Troubleshooting Guide#

This comprehensive guide helps you diagnose and resolve common issues when working with LeggedGym-Ex. Each section covers specific categories of problems with actionable solutions.

Installation Issues#

CUDA Version Mismatch#

Problem: Training fails with CUDA-related errors or torch cannot detect GPU.

Error Messages:

RuntimeError: CUDA out of memory. Tried to allocate X.XX MiB
AssertionError: Torch not compiled with CUDA enabled
NVIDIA driver version is incompatible with CUDA version

Root Cause: The PyTorch CUDA version must match your system’s NVIDIA driver and CUDA toolkit.

Solution:

  1. Check your NVIDIA driver version:

nvidia-smi
  1. Verify PyTorch CUDA version:

import torch
print(torch.version.cuda)
print(torch.cuda.is_available())
  1. Install compatible PyTorch version:

For IsaacGym (Python 3.8, CUDA 12.1):

pip install torch==2.4.1 torchvision==0.19.1 --index-url https://download.pytorch.org/whl/cu121

For Genesis (Python 3.10, CUDA 12.6):

pip install torch==2.8.0 torchvision==0.23.0 --index-url https://download.pytorch.org/whl/cu126

For IsaacLab (Python 3.11, CUDA 12.6):

# IsaacSim includes PyTorch, verify after installation
python -c "import torch; print(torch.cuda.is_available())"

Prevention: Always check driver compatibility before creating conda environments. Minimum driver version: 570.
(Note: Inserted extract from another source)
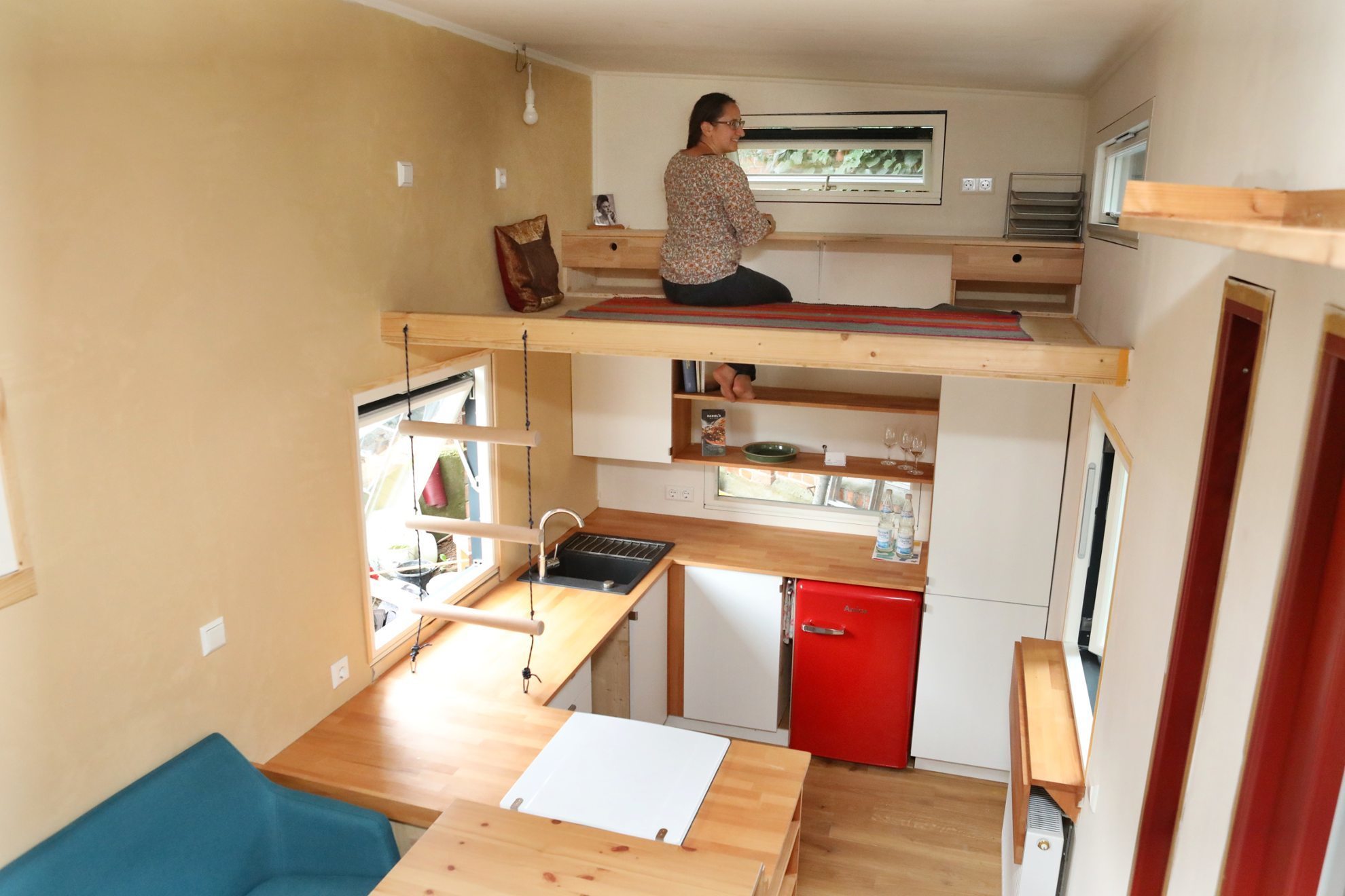 Auf 18 Quadratmetern gibt es hier alles Erdenkliche: ein Bett, Dusche, Toilette, Küche, einen großen Essbereich, eine Leinwand zum Fernsehen und einen Schreibtisch. Madeleine Krenzlin hat ein kleines Raumwunder vollbracht. In dem kleinen Häuschen, das auf Rädern steht, hat sie zwei Ebenen aus Holz eingezogen. Unten sind Bad und Küche, darüber befindet sich auf der einen Seite das Bett, auf der anderen ein Bereich, wo Krenzlin ihren Arbeitsplatz hat. Mit den Ebenen kommt sie auf eine Wohnfläche von 25 Quadratmetern.

IsaacGym Installation Errors#

Problem: IsaacGym Preview 4 fails to install or import.

Error Messages:

ModuleNotFoundError: No module named 'isaacgym'
ImportError: libpython3.8.so.1.0: cannot open shared object file
OSError: Cannot load IsaacGym library

Root Cause: IsaacGym requires specific Python version and proper library paths.

Solution:

  1. Download IsaacGym Preview 4 from NVIDIA Developer website.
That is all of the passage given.